凌墨琅垂眸,审视眼前这具看似一触即碎的纤弱骨架, 惊叹她竟完好无损地从这场屠戮中幸存下来。
即便被他挡住了倾泻的月华,她微露的后颈依然泛着夜明珠般的温润细腻的光泽, 不及他胸口的娇小身躯散发着似永开不败的淡雅花香。
“臣妇误将殿下认作歹人, 方才为保全名节欲与对方同归于尽。”她伸出右手翻转掌心, 指间寒光乍现, 一柄薄刃映着月色散出森然杀气。
这番说辞自瞒不过他。锦照错认他时的松弛欢欣,与一年前他许诺婚约时如出一辙。
但胸中的郁气却因那一抹寒光消散——她手中的,正是他当年送的那把指尖刀,只是连接的戒指不见了。
“起身吧, ”他眸光微动,“这……”
怀疑裴逐珖已在偷听,锦照为了将两人之前交往甚密的往事遮掩, 急急打断他:“是臣妇幼时友人所赠,但臣妇做了些改动,更方便在必要时自保。”

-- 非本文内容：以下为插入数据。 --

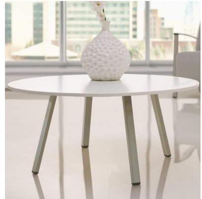
SOLTICE METAL OCCASIONAL TABLES

她对裴逐珖至少还有防备。凌墨琅认识到这点后,心中绞痛稍稍减轻。
“放心,”他声音低沉,“我已派人绊住他,这院里无人能窥听你我谈话。”
“先坐下,我有要事问你。”凌墨琅语气中审判般的鄙夷消失,回归了她记忆中的沉稳严肃。
“殿下请坐。”她引他至八仙桌旁,看着他缓缓落座。
月光透过窗纸,将竹影与卍字纹投在罗汉榻上,她拈起火折子,火星在黑暗中跃动,点燃茶炉时歉然道:“不知殿下深夜驾临,未备香茗,可否容臣妇现沏新茶?”
看着火苗摇晃着窜高,凌墨琅道:“茶不必。”他深琥珀色的眸子在火光中显得越发难以捉摸,“陛下与娘娘要杀你为他陪葬。”